Китайская поэзия. Часть 4. Современная поэзия — страница 58 из 77

"Я только что покинул переполненный причал..."

Я только что покинул переполненный причал

и дошел до незнакомого вокзала.

Всю свою жизнь я искал, где оно, время.

Может потому, что вечно повторял этот путь,

но ведь у человечества нет финишной прямой.

Я, сын кочевого народа, верю, что

любовь и смерть всего лишь способы существования.

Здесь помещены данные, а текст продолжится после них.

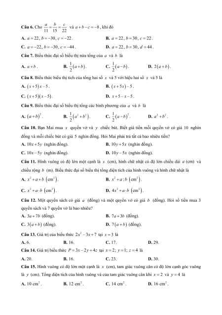 Câu 7. Biểu thức đại số biểu thị nửa tổng của a và b là A. a 1 1 b .
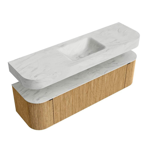MONDIAZ THOR-DLUX 160cm badmeubel ronding links + rechts kleur Oak met 1 lade en 2 deuren. Vrijhangende wastafel CLOUD Midden 1 kraangat kleur Opalo.
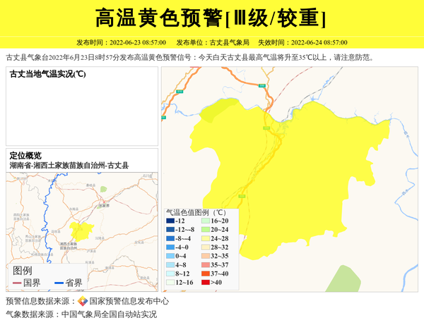 古丈县气象台2022年6月23日8时57分发布高温黄色预警信号:今天白天古丈县最高气温将升至35℃以上,请注意防范。 信息来源:国家预警信息发布中心; 发布单位:古丈县气象局。
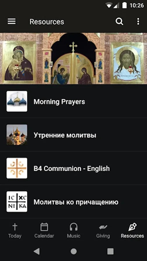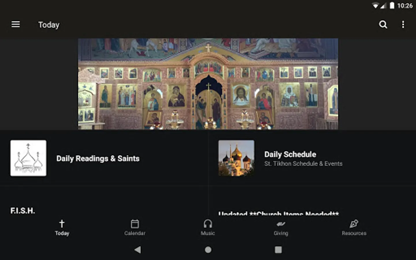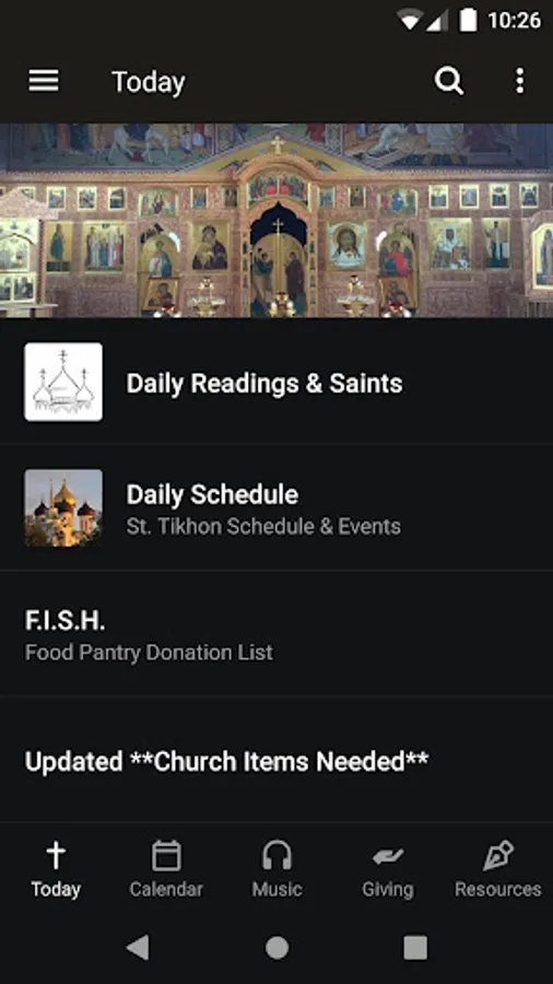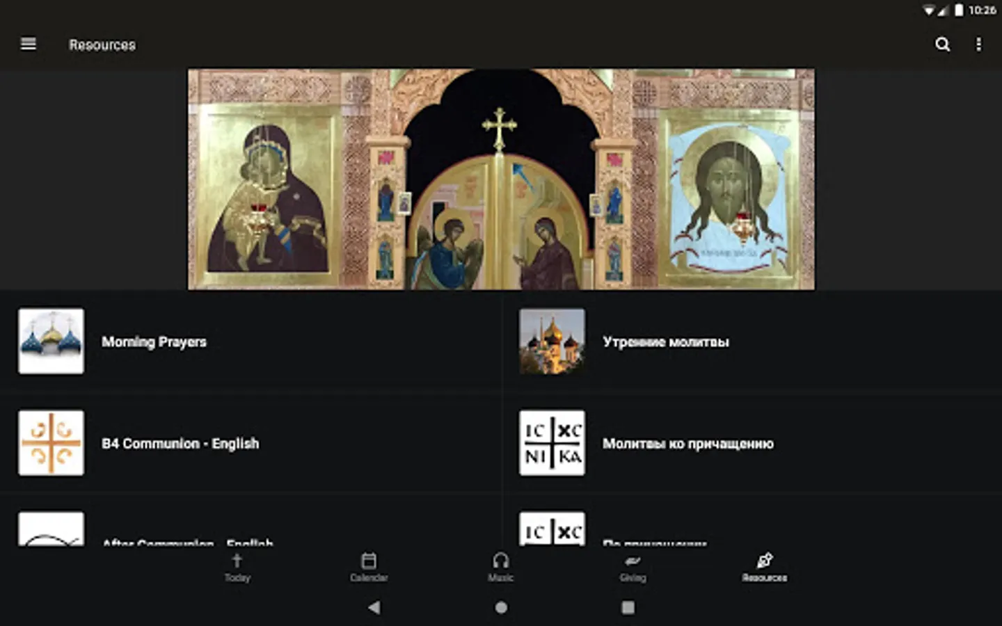 The app includes the Orthodox Calendar with daily scripture reading and saints names. You will also find daily quotes from the Holy Fathers.
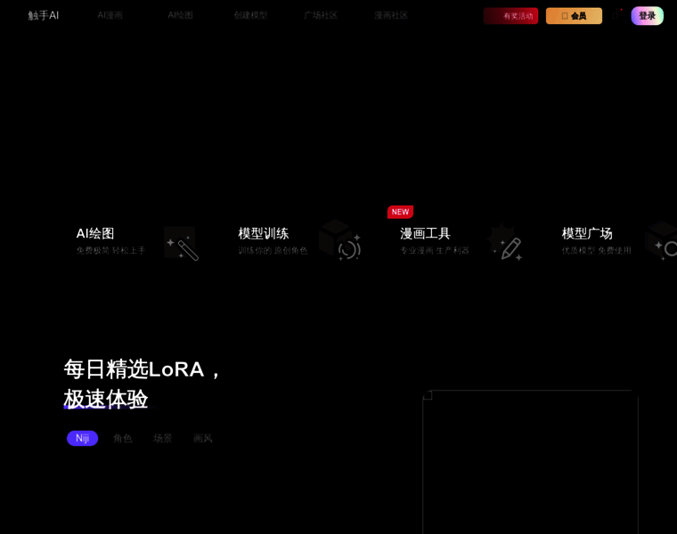 支持文字生成AI图;支持图生图;可controlnet条件生图,上传特征参考图和特征,依照特征进行创作;支持inpainting的神奇涂抹,可局部修改,支持自训练AI绘画模型;支持在基础风格模型上,使用叠加AI绘图模型;支持在模型广场收藏各类画风、IP、场景、人物、设计类模型。

Все это — точки одной линии. Линии пути.

Источник: сайт ОГИ

Перевод: Ли Инна

Звездное небо над насыпью Гана Мани ("Чей это зов? Здесь камни, камни и камни...")

Чей это зов?

Здесь камни, камни и камни.

От них исходит таинственное дыханье.

Оно мерцает в темной каморке сердца.

Оно оперяет шестисловные мантры

и в форме камня

дает нам другую форму.

Каждый камень словно застыл в паденье,

погрузившись в бескрайнее море времени.

И память его — убежище мудрых —

скользит по кромке жизни и смерти.

Его слово скрыто

в основании твердом и прочном,

и, как бесцветный цветок,

невидимо раскрывается в храме бессмертия.

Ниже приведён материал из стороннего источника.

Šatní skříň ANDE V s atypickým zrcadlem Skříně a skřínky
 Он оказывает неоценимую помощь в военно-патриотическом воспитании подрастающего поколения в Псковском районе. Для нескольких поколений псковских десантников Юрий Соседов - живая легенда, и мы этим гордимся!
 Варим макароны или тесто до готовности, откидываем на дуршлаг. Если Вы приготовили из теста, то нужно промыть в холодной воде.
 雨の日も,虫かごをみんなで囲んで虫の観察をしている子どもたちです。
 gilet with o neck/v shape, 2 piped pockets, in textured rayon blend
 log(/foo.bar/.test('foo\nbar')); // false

Здесь мы видим мемориал на века,

говорящий без слов о бессловесном,

чтобы все живое верило в жизнь.

Здешние камни —

книга, несущая сокровенное знание.

Кто откроет ее на первой странице,

узнает правду о прошлом и будущем

Каждое слово в книге сверкает волшебным светом,

и проявляются снежные пики.

Свет проходит сквозь притяженье земли,

сквозь лазурное марево,

выстраивая призрачные ступени сфер.

Каждый камень, словно слеза

в кристаллах ее граней.

Стихает боль, горе теряет эхо.

Это единственная спокойная дорога

для наших ушедших.

Это прелюдия к похоронам героев.

И после освобождения от страданий

контуры гор станут четки и ясны,

отары покажутся посланцами света,

благословение солнца сойдет

на все сущее в мире,

деревья приобретут прозрачность,

сознанье исчезнет.

И тогда только тонкие струйки белого дыма

нам будут напоминать,

что есть не призрачный кров.

И мы увидим,

что земля не погибла, жизнь продолжается.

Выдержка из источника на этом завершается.